Woman at Point Zero follows the life of Firdaus, a woman awaiting execution, from her youth to her present condition. It’s a novel that plunges deep into the pit of patriarchy, abuse of power, failures of feminism, and the sex workers industry.
El-Saawadi’s narration is clever and precise. At times she infuses a formal mechanism to her poetic form that is both beautiful and horrific to read. It was frustrating that while she can be quite vivid in some places, the things left unsaid in small moments of silence left my imagination running wild. And this is not a novel where you want your imagination to chart it’s own course.
Firdaus’s story is gut-wrenching and echoes a corner of society that we’d prefer not to acknowledge. Her story is disturbingly true to life. I don’t agree that there is any amount of exaggeration here. I come from a country where 14 year old girls take to the streets to sell their bodies because the system ignores them and Firdaus’s story pales in comparison to the narratives of why those girls in the real world chose to do this.
Time and time again Firadus tells us why, despite the rapes and abuses she goes through, she prefers to use her body to her advantage.

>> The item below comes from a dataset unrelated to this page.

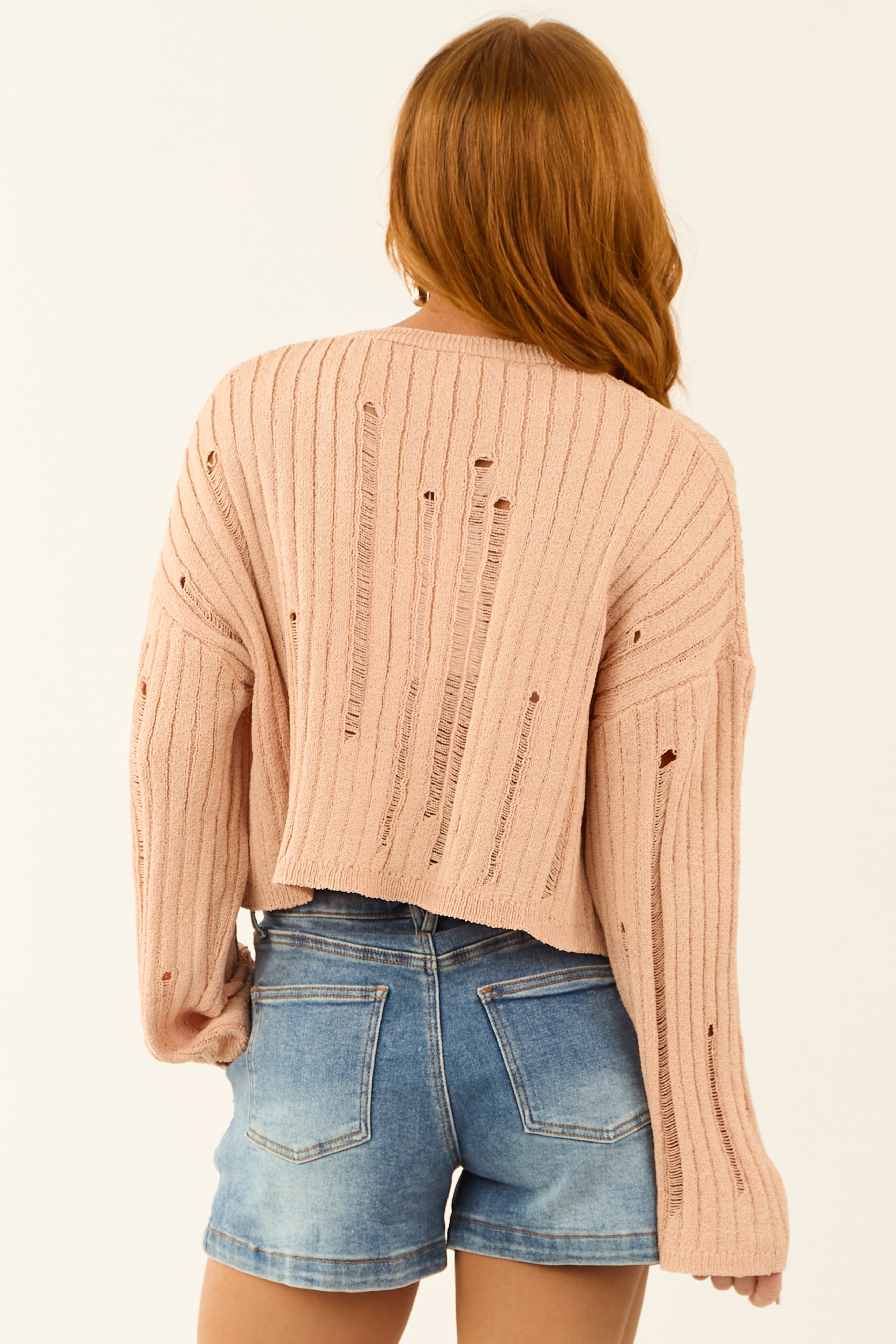 Stay trendy with our Sunrise Button Down Distressed Cropped Cardigan in S, M, L sizes. Made of a stretchy knit blend, this stylish cardigan features drop shoulder design, long wide sleeves, and distressed details. Perfect for a casual yet fashionable look. Unlined. Material: 62% Acrylic, 38% Polyester. Hand wash cold, do not bleach, line dry. Model is wearing size Small. For a chic, everyday cardigan that stands out, our Sunrise Cropped Cardigan delivers the perfect blend of comfort and style. Step up your wardrobe with this versatile piece!

It’s uncomfortable. It’s unnerving. But her reasoning is not wrong. Nor is her assertion of the way society functions in many parts of the world at all off point. Only recently did the Weinstein scandal regenerate the hushed secrets of Hollywood’s blatant ignorance of sexism. And that’s as solid a proof as one can ask for—whether it’s Egypt or America, women are are often seen merely as livestock.
That’s not to say the fault is entirely on the side of anti-feminists, non-feminists, or active misogynists either. Feminism has a long standing history of excluding others, but even at its most fundamental level it fails harder then it should. What does it say about feminism and feminists when a woman, not unlike many thousands of women in the word today, would rather reject the ideology that claims to empower women to embrace a structure built and maintained by the patriarchy which keeps us all under?
I’ve long battled to main my passion about feminism. As a woman of color who’s sexuality isn’t fitting to a box, mainstream feminism doesn’t always like that I exist. It would rather I support white women than the brown women and has been quick to dismiss me as racist and sexist.* And it’s hard when a movement constantly rejects you to still stand up and say, no, you don’t get to take this away from me.
If feminism is all inclusive then when we march to earn the same as men do, we need to march to stop penalizing sex workers. We need to acknowledge what they do and why they chose to do it. If feminism is ever to reach it’s potential, it needs to start working from the bottom. It needs to start by making women like Firadus, admittedly fictional, the heart of the movement.
*Check the history of the suffragette movement. As well as the numbers on how many white women voted for a white supremacist in 2016 US elections. Numbers speak volumes here.